*Required work*
Reproduce all the data exactly, without pictures.

*Task data*
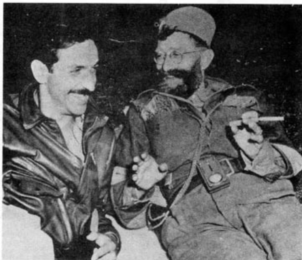
General Draga Mihajlovic (t.h.) efter en hård nattlig marsch 1944.
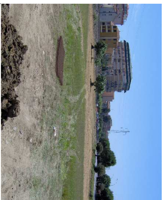
VISTE morfologia del sito 1
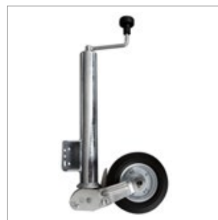
Automatik-Stützrad automatic jockey wheel
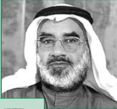
الشيخ الدكتور عجيل جاسم النشمي عضو الهيئة
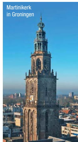
Martinikerk in Groningen

Die beiden niederländischen Provinzen Groningen und Drenthe sind voller verborgener Orgelschätze, so findet sich kaum eine Kirche ohne ein Instrument von berühmten Orgelbauern wie Arp Schnitger und seinen Nachfolgern. Durch die fachkundige Begleitung eines Organisten wird uns dieser Orgelschatz erschlossen. Daneben ist die im Norden der Niederlande gelegene Region reich an eindrucksvollen Adelssitzen, ehemaligen Klöstern wie Ter Apel und malerischen Dörfern. Lassen Sie sich von den vielfältigen Kulturschätzen unseres westlichen Nachbarlandes überraschen!
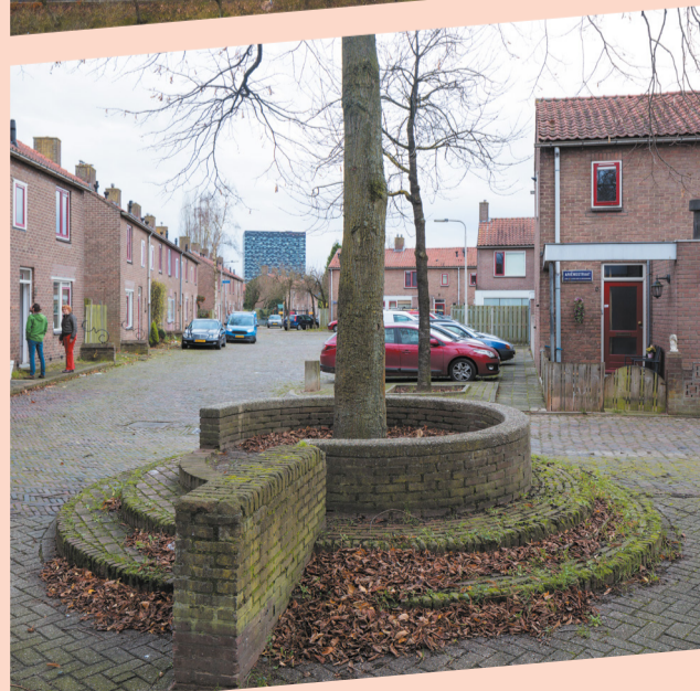
Kolpingstraat november 2017
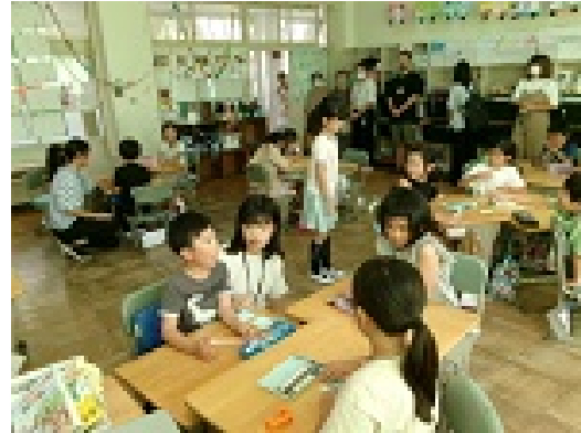
2年 いいところみつけ
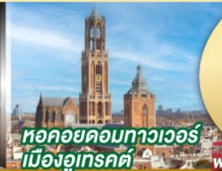
หอคอยคอมทาวเวอร์ เมืองอูเทรคต์
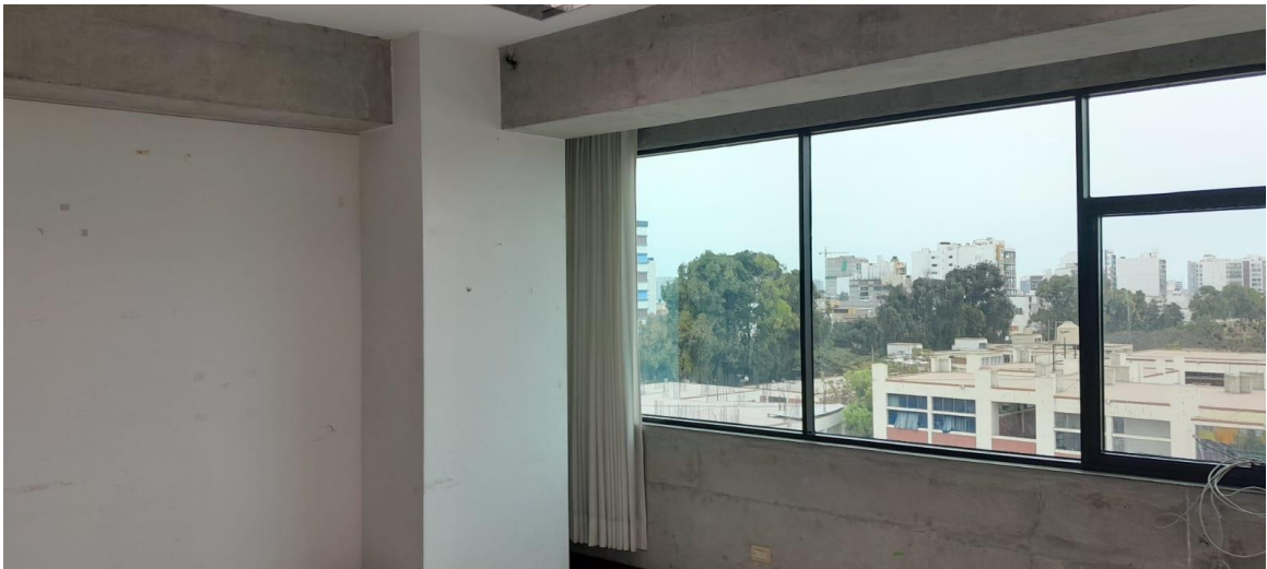
Vista con dirección a la Av. Jesus de Nazareth
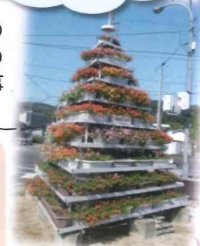
▲花の塔がきれいです

*Output below*
General Draga Mihajlovic (t.h.) efter en hård nattlig marsch 1944.
VISTE morfologia del sito 1
Automatik-Stützrad automatic jockey wheel
الشيخ الدكتور عجيل جاسم النشمي عضو الهيئة
Martinikerk in Groningen

Die beiden niederländischen Provinzen Groningen und Drenthe sind voller verborgener Orgelschätze, so findet sich kaum eine Kirche ohne ein Instrument von berühmten Orgelbauern wie Arp Schnitger und seinen Nachfolgern. Durch die fachkundige Begleitung eines Organisten wird uns dieser Orgelschatz erschlossen. Daneben ist die im Norden der Niederlande gelegene Region reich an eindrucksvollen Adelssitzen, ehemaligen Klöstern wie Ter Apel und malerischen Dörfern. Lassen Sie sich von den vielfältigen Kulturschätzen unseres westlichen Nachbarlandes überraschen!
Kolpingstraat november 2017
2年 いいところみつけ
หอคอยคอมทาวเวอร์ เมืองอูเทรคต์
Vista con dirección a la Av. Jesus de Nazareth
▲花の塔がきれいです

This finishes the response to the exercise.